Every method returns `1`: the stroke stays connected. (Before this
guarantee was enforced, OPTA returned the four corner pixels of the bar —
four disconnected components — a good example of a locally-valid,
globally-broken skeleton.)

## 3. Distance transform with no background pixel

`distance_transform()` reports, for each foreground pixel, the distance to
the nearest background pixel. When the image is *entirely* foreground there
is no such pixel, and the only consistent answer is that the distance is
unbounded.

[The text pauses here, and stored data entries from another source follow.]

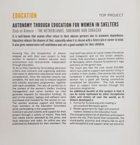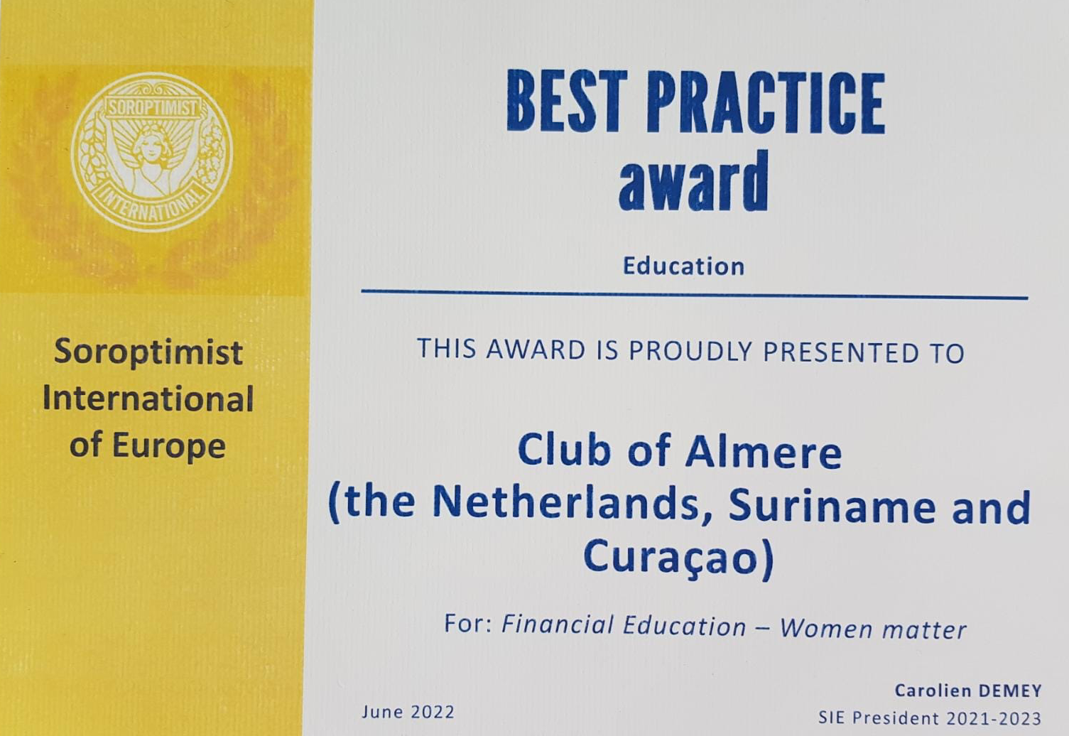 Op 26 juni 2022 heeft Soroptimistclub Almere de Europese Best Practice Award gewonnen in de categorie Education met het Educatiefonds voor vrouwen uit het Oranjehuis, een opvang voor vrouwen die te maken hebben (gehad) met geweld in de thuissituatie.
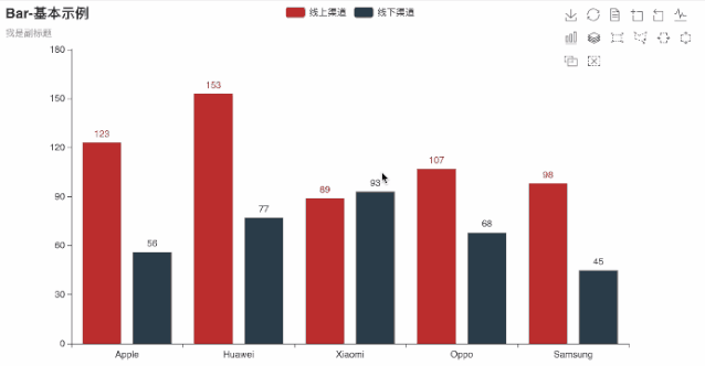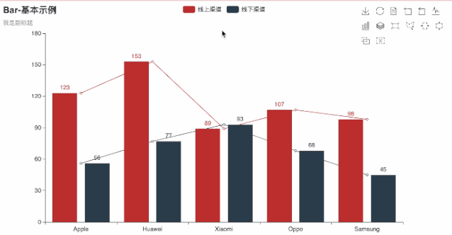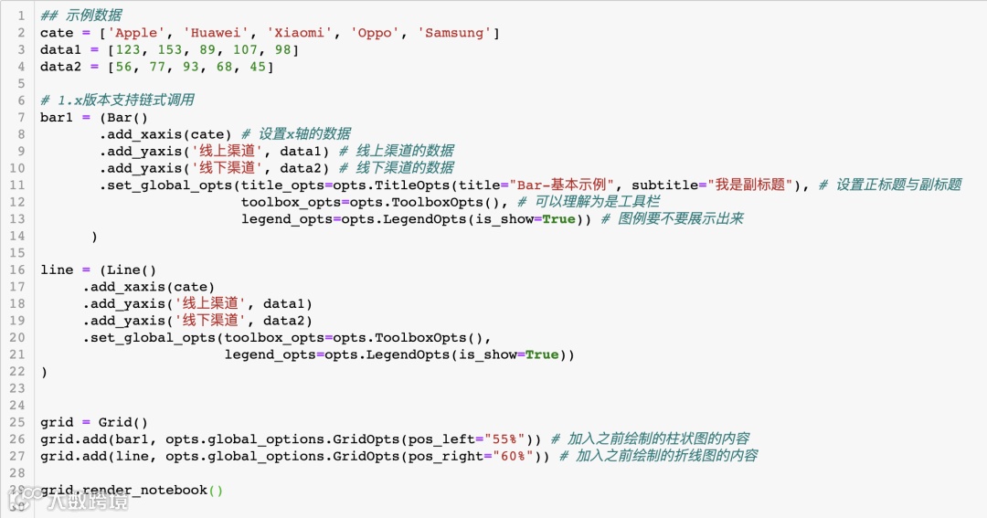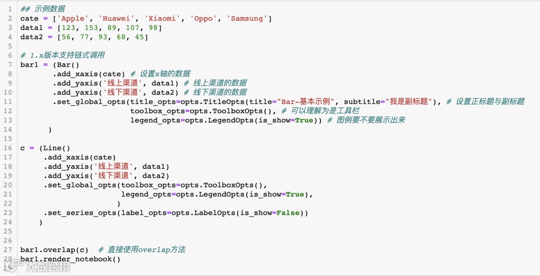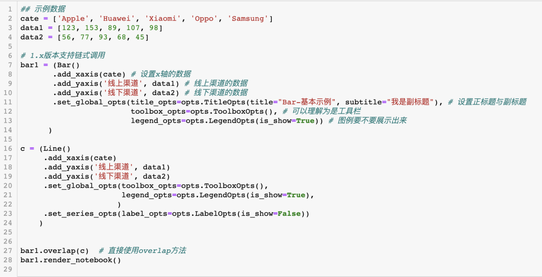 使用者可以自定义结合Line/Bar/Kine/Scatter/EffectScatter/Pie等图表,将不同类型的图表画在一张图上,利用第一个图表为基础,之后的数据都会画在第一个图表之上,而在新版的pyecharts中,直接对图表使用overlap()方法即可
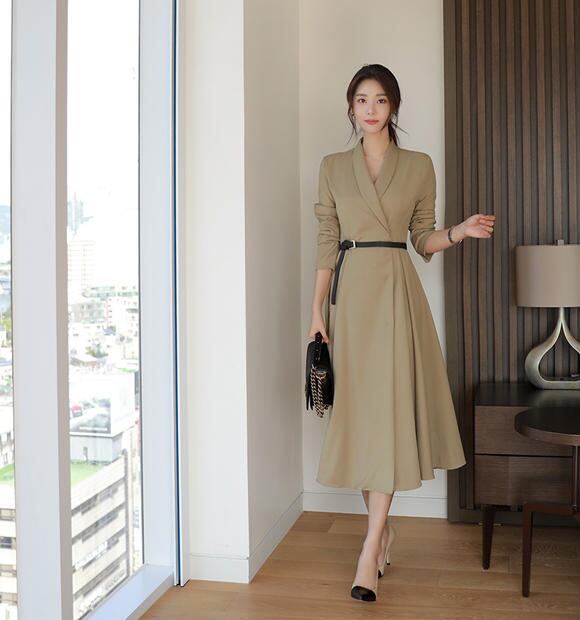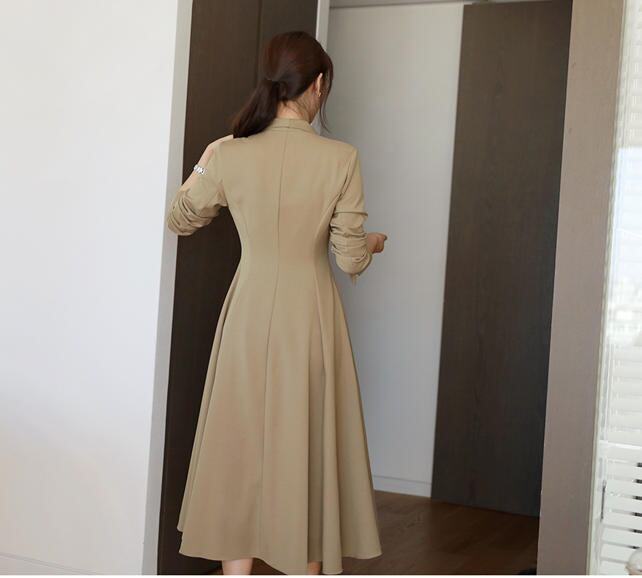 【送料無料】ワンピース 長袖 きれいめ 春 フレア Aライン ハイウエスト きれいめ エレガント 大人 上品 シンプル 30代 40代 ベージュ BY-229
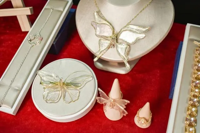 A:蝴蝶,是西方神话里的蜕变与重生,更是梁祝追求爱与自由的祝福。我们以此为灵感,提取了蝴蝶的造型,与鎏金的光泽相结合,温柔中又带着一丝自由的灵动,表达肉虫破茧而出变作蝴蝶的自由和美丽,也象征着脱离困境,重获新生,表现了对至善至美的追求。其中我们包钻的一套饰品就更能体现出女性要勇于散发出自己的光亮,像蝴蝶一般活得出彩,活出自我。
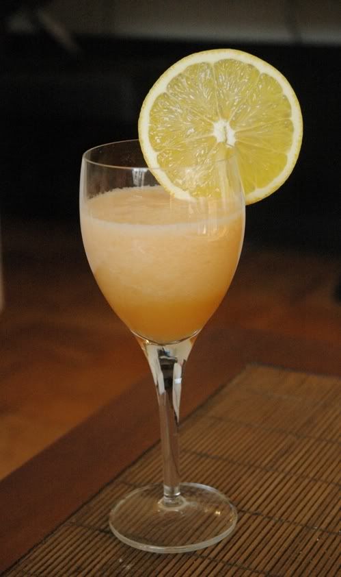 Pour into chilled glasses, decorate with slices of orange, and serve.
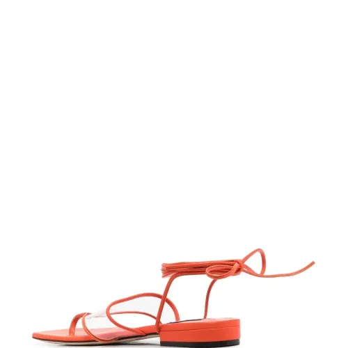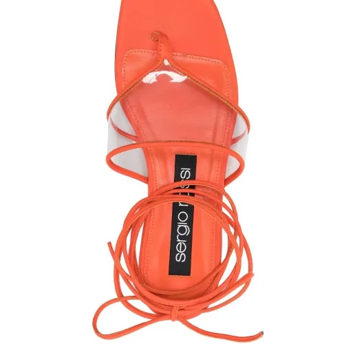 Темно-оранжевый, овечья кожа, прозрачный ремешок , открытый носок, несколько оборотов, завязка на щиколотке, логотип на стельке и кожаная подошва.
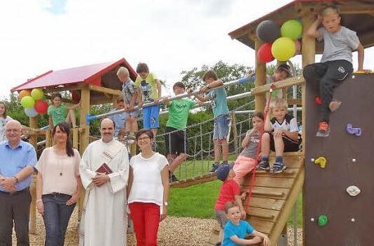Diakon Wolfgang Dömling bezeichnete den Kinderspielplatz als einen Ort, um Gottes wunderbare Schöpfung zu erleben. Besonders fiel ihm bei der Gestaltung der neuen Anlage auf, dass bei jeder Spielstation auch eine Sitzgelegenheit vorhanden ist. "So können die Eltern und Großeltern gemütlich ihre Kinder oder Enkel beaufsichtigen und miteinander ins Gespräch kommen.
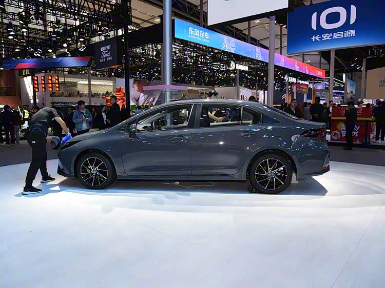 内饰部分,当然采用了全新的设计,和新款卡罗拉锐放等车型看齐,悬浮式大型液晶屏配仪表盘组成双屏系统,平直的中控台面有撞色工艺可供选择,加入了皮革缝线工艺和软包材质,档次感较老款卡罗拉有着明显的提升,扶手箱前端区则依旧是机械挡杆,并设计了悬浮式的亮黑色面板造型,融入了气氛灯带,手机无线充电面板,杯架都不会缺席,增强了一点点时尚感,全新的车机融入了华为Hicar,增强了使用的体验。
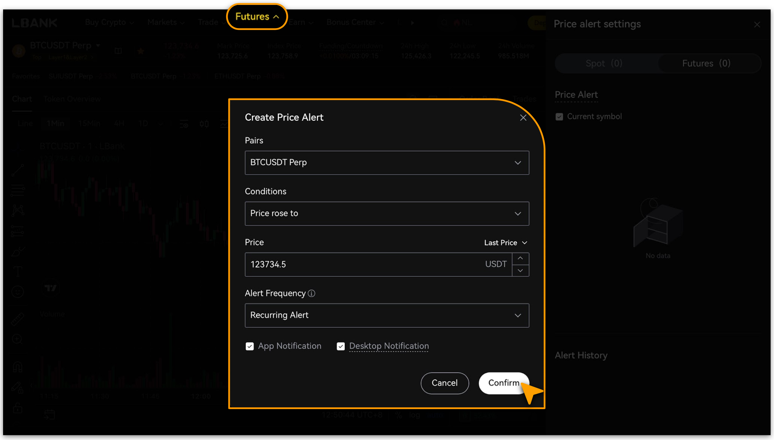 Integrate Analysis Tools: Combine with LBank’s K-line charts and market trend analysis for more accurate alert configurations.

All three metrics return `Inf`:

```{r dt-inf}
solid <- matrix(1L, nrow = 4, ncol = 4)
vapply(c("euclidean", "manhattan", "chessboard"),
       function(mt) unique(as.vector(distance_transform(solid, metric = mt))),
       numeric(1))
```

A finite sentinel here (for example "one more than the image diagonal")
would be indistinguishable from a genuine large distance and would poison
any downstream comparison or medial-axis threshold. `Inf` is both the
mathematically correct value and what `EBImage::distmap()` returns, so the
two are interchangeable on this boundary case. Note also that only pixels
count as background: the region outside the matrix is **not** an implicit
background border, so a fully-foreground image does not measure distance to
the frame.

## 4. Invalid input fails loudly

Thinning and distance transforms are defined on `{0, 1}` images. An `NA`
is neither foreground nor background, and silently coercing it (to `0`,
say) would change the skeleton or the distance field without warning.
`thinr` rejects `NA` input with an error at the coercion boundary rather
than guessing:

```{r na, error = TRUE}
m <- matrix(1L, nrow = 3, ncol = 3)
m[2, 2] <- NA
thin(m)
```

This matches `EBImage`'s own contract for `distmap()`
(`'x' shouldn't contain any NAs`).

## Summary

| Property | Guarantee | Applies to |
|---|---|---|
| Edge handling | shapes touching the frame thin as if interior | all 7 thinning methods |
| Connectivity | one component in → one component out; 2px strokes stay connected | all 7 thinning methods |
| Empty background | fully-foreground image → `Inf` everywhere | all 3 distance metrics |
| Invalid input | `NA` rejected with an error, never coerced | `thin()`, `distance_transform()`, `medial_axis()` |

These are correctness boundary conditions, uniform across the toolkit,
consistent with the published methods, and each pinned by a test in the
package suite.

## References

Naccache, N. J., & Shinghal, R. (1984). SPTA: A proposed algorithm for
thinning binary patterns. *IEEE Transactions on Systems, Man, and
Cybernetics*, SMC-14(3), 409–418.

Zhang, T. Y., & Suen, C. Y. (1984). A fast parallel algorithm for thinning
digital patterns. *Communications of the ACM*, 27(3), 236–239.

Felzenszwalb, P. F., & Huttenlocher, D. P. (2012). Distance transforms of
sampled functions. *Theory of Computing*, 8(19), 415–428.